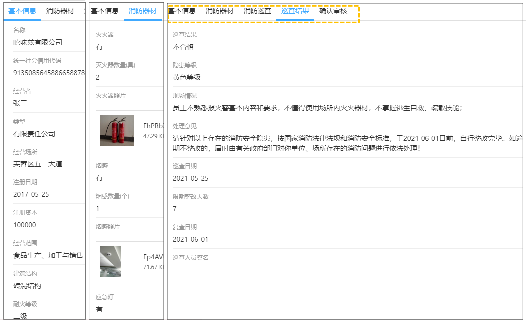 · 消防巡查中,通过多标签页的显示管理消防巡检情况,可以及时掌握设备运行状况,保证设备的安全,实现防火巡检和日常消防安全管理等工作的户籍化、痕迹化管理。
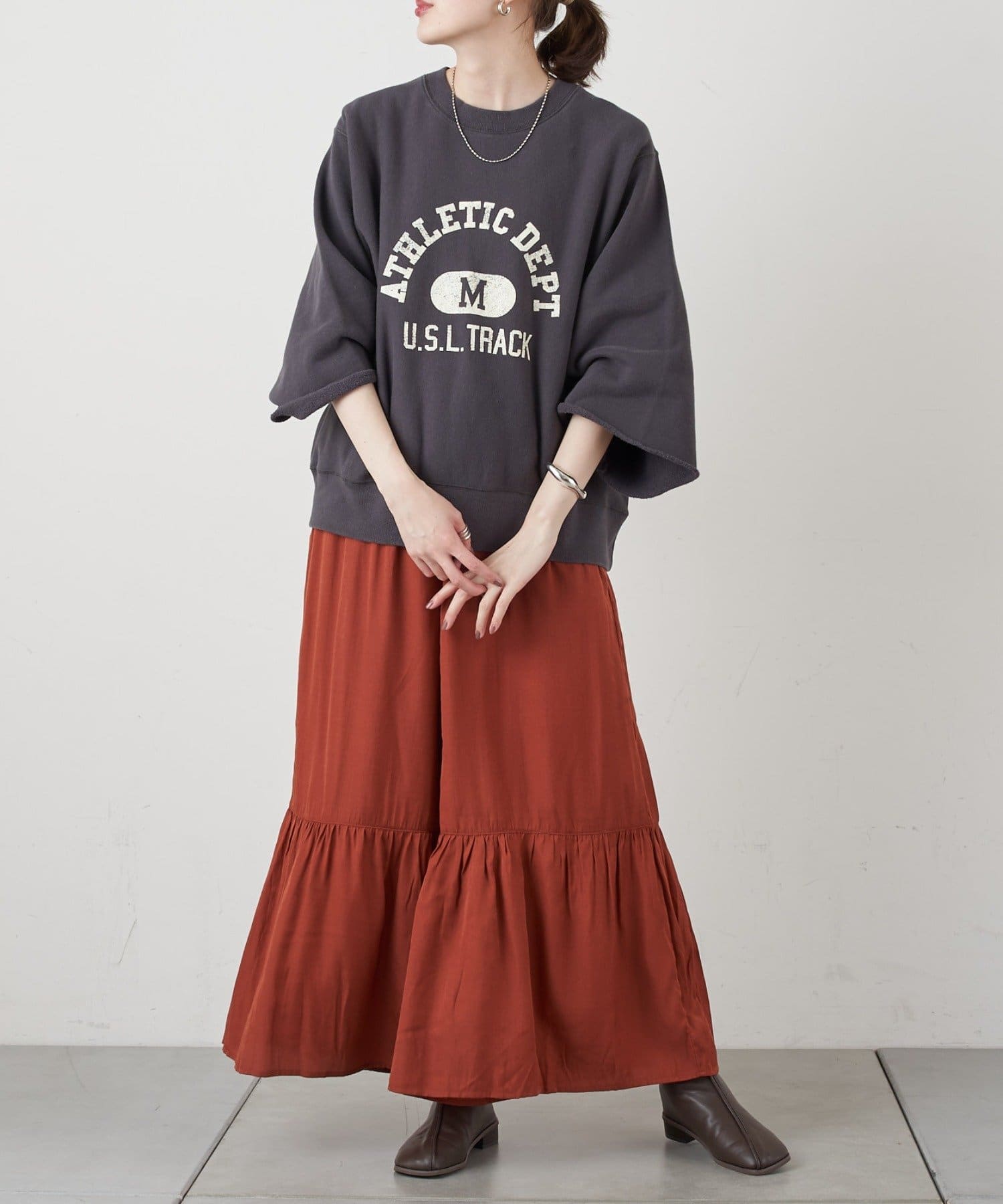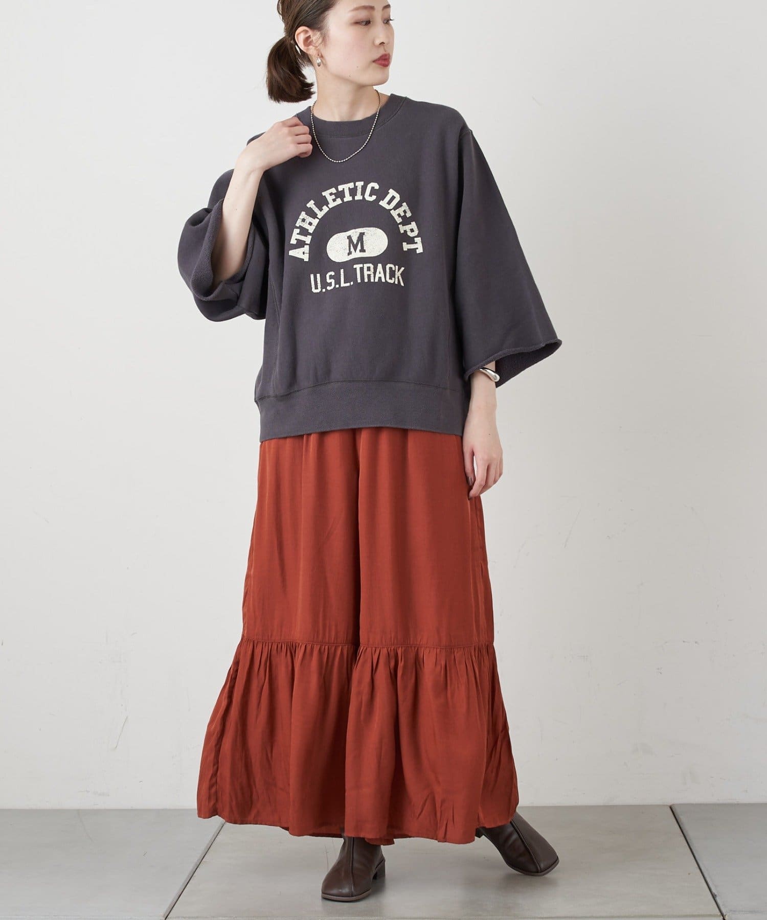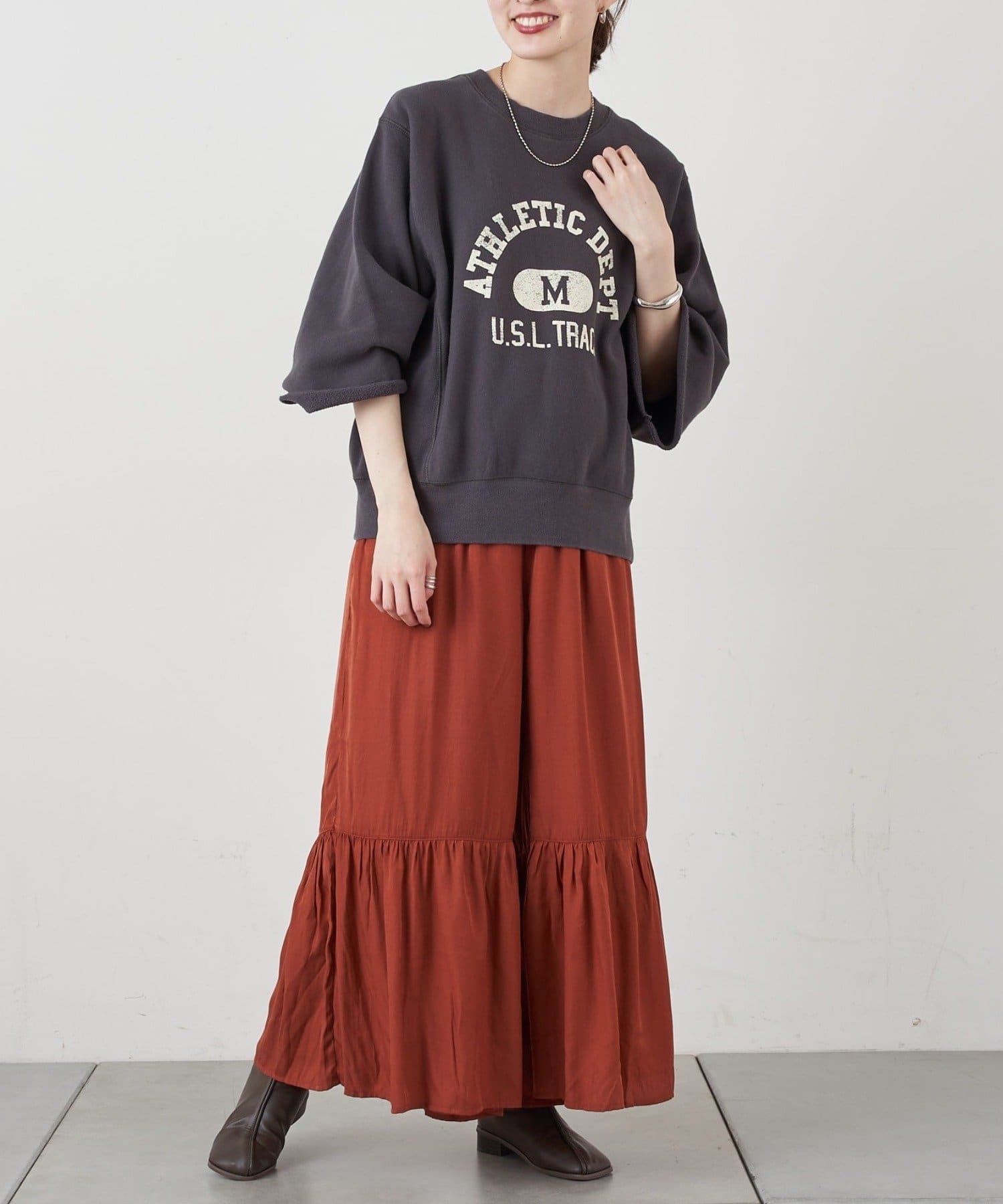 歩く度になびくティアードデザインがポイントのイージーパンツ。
...
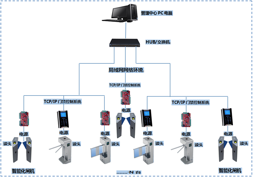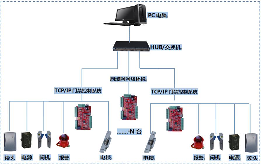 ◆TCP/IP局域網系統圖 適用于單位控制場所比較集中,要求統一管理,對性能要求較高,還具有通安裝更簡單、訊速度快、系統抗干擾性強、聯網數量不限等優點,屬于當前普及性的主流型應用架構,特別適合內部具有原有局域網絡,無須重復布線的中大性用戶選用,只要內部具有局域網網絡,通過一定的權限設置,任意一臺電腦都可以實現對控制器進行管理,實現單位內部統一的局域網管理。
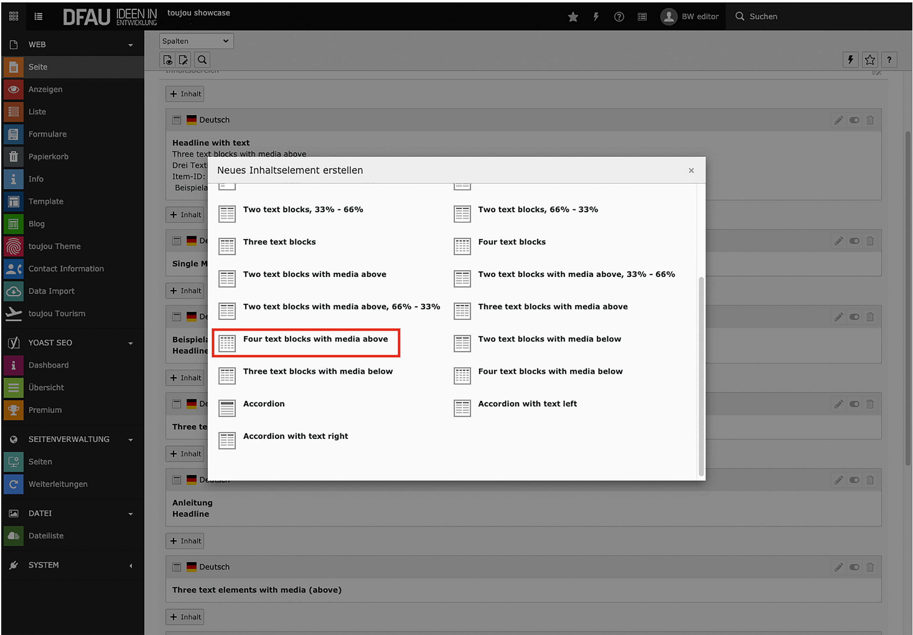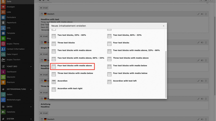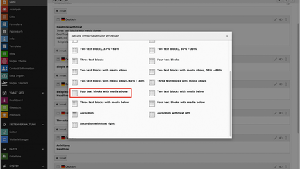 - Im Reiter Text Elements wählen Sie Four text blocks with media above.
...
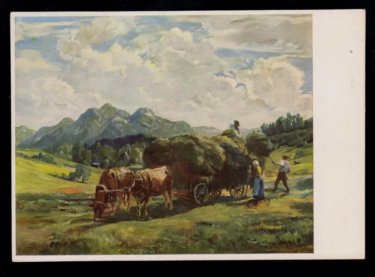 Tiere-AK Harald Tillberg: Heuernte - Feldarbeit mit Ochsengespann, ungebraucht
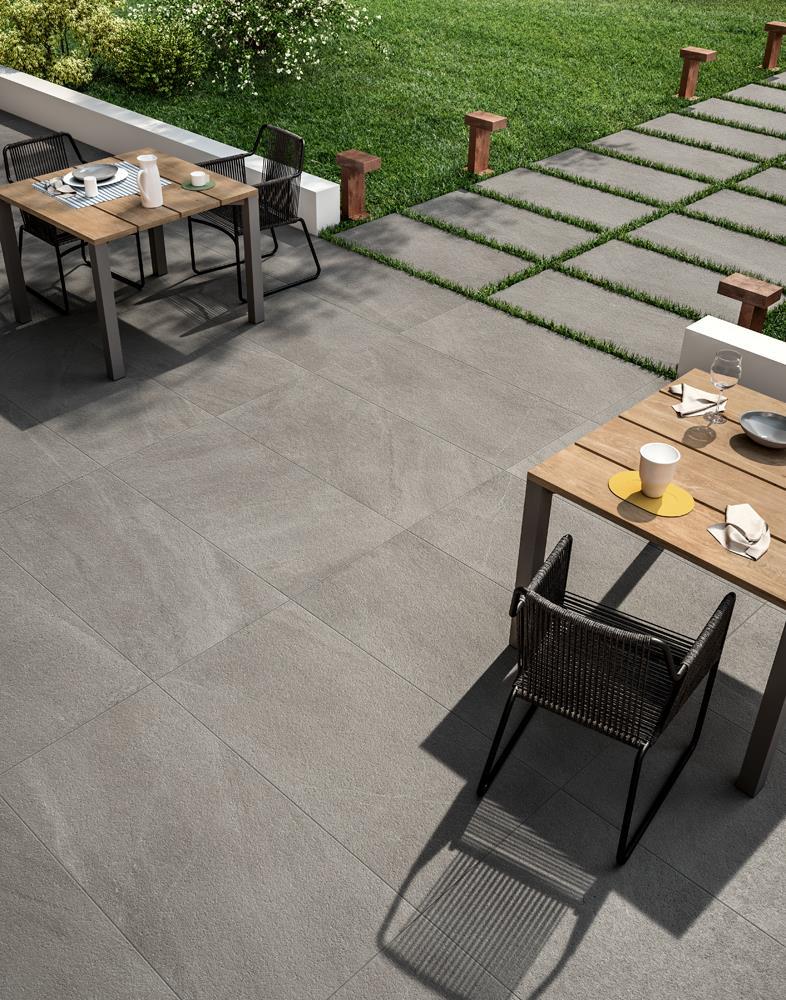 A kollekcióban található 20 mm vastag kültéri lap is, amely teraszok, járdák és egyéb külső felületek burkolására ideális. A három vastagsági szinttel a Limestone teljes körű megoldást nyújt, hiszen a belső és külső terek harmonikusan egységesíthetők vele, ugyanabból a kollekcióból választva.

### [THE TASK]
Within the listing above, copy exactly the lines that start at the one with "Tiere-AK Harald Tillberg: Heuernte" and continue through the one with "A kollekcióban található". Omit pictures.

### [TASK SOLUTION]
 Tiere-AK Harald Tillberg: Heuernte - Feldarbeit mit Ochsengespann, ungebraucht
 A kollekcióban található 20 mm vastag kültéri lap is, amely teraszok, járdák és egyéb külső felületek burkolására ideális. A három vastagsági szinttel a Limestone teljes körű megoldást nyújt, hiszen a belső és külső terek harmonikusan egységesíthetők vele, ugyanabból a kollekcióból választva.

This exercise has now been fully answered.